WHAT THE EXERCISE ASKS: Print the data verbatim. Leave every image out.

DATA EXCERPT:
--- --- ---
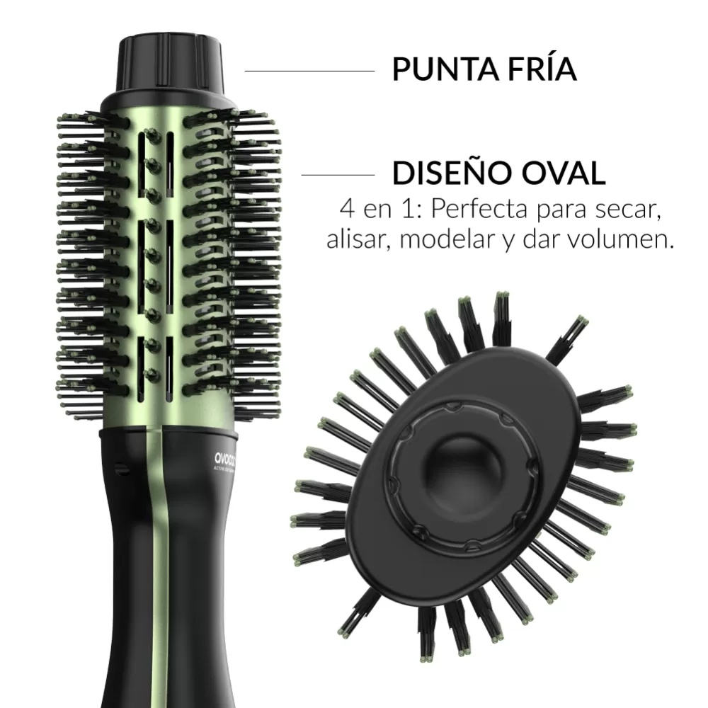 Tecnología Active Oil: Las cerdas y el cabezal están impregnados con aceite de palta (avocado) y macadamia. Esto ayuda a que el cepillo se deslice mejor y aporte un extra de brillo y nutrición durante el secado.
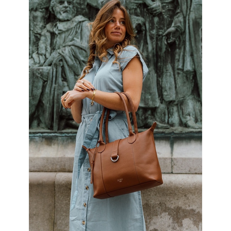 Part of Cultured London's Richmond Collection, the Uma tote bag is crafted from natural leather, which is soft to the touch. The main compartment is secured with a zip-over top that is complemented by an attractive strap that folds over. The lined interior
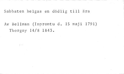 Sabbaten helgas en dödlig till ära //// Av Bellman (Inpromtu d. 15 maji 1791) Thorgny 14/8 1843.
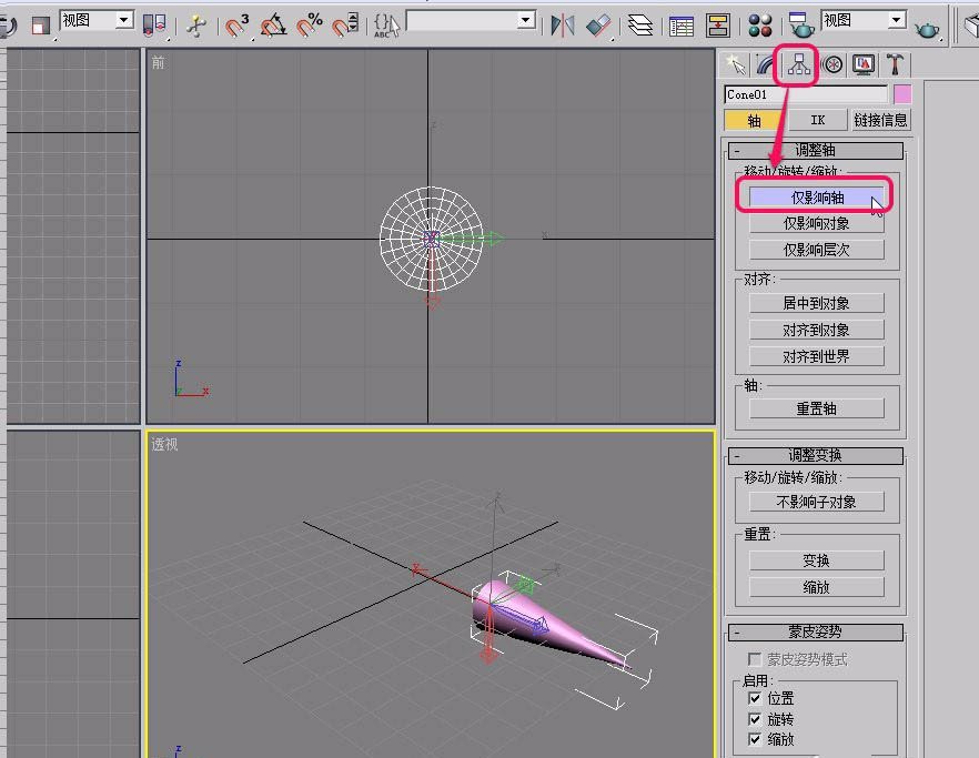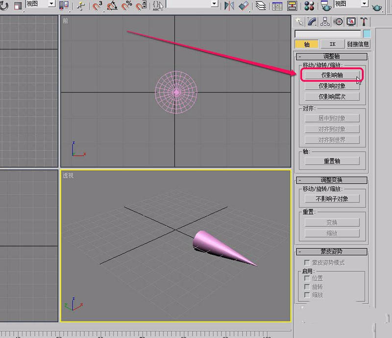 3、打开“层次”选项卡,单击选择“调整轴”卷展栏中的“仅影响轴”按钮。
--- --- ---
EXPECTED ANSWER:
 Tecnología Active Oil: Las cerdas y el cabezal están impregnados con aceite de palta (avocado) y macadamia. Esto ayuda a que el cepillo se deslice mejor y aporte un extra de brillo y nutrición durante el secado.
 Part of Cultured London's Richmond Collection, the Uma tote bag is crafted from natural leather, which is soft to the touch. The main compartment is secured with a zip-over top that is complemented by an attractive strap that folds over. The lined interior
 Sabbaten helgas en dödlig till ära //// Av Bellman (Inpromtu d. 15 maji 1791) Thorgny 14/8 1843.
 3、打开“层次”选项卡,单击选择“调整轴”卷展栏中的“仅影响轴”按钮。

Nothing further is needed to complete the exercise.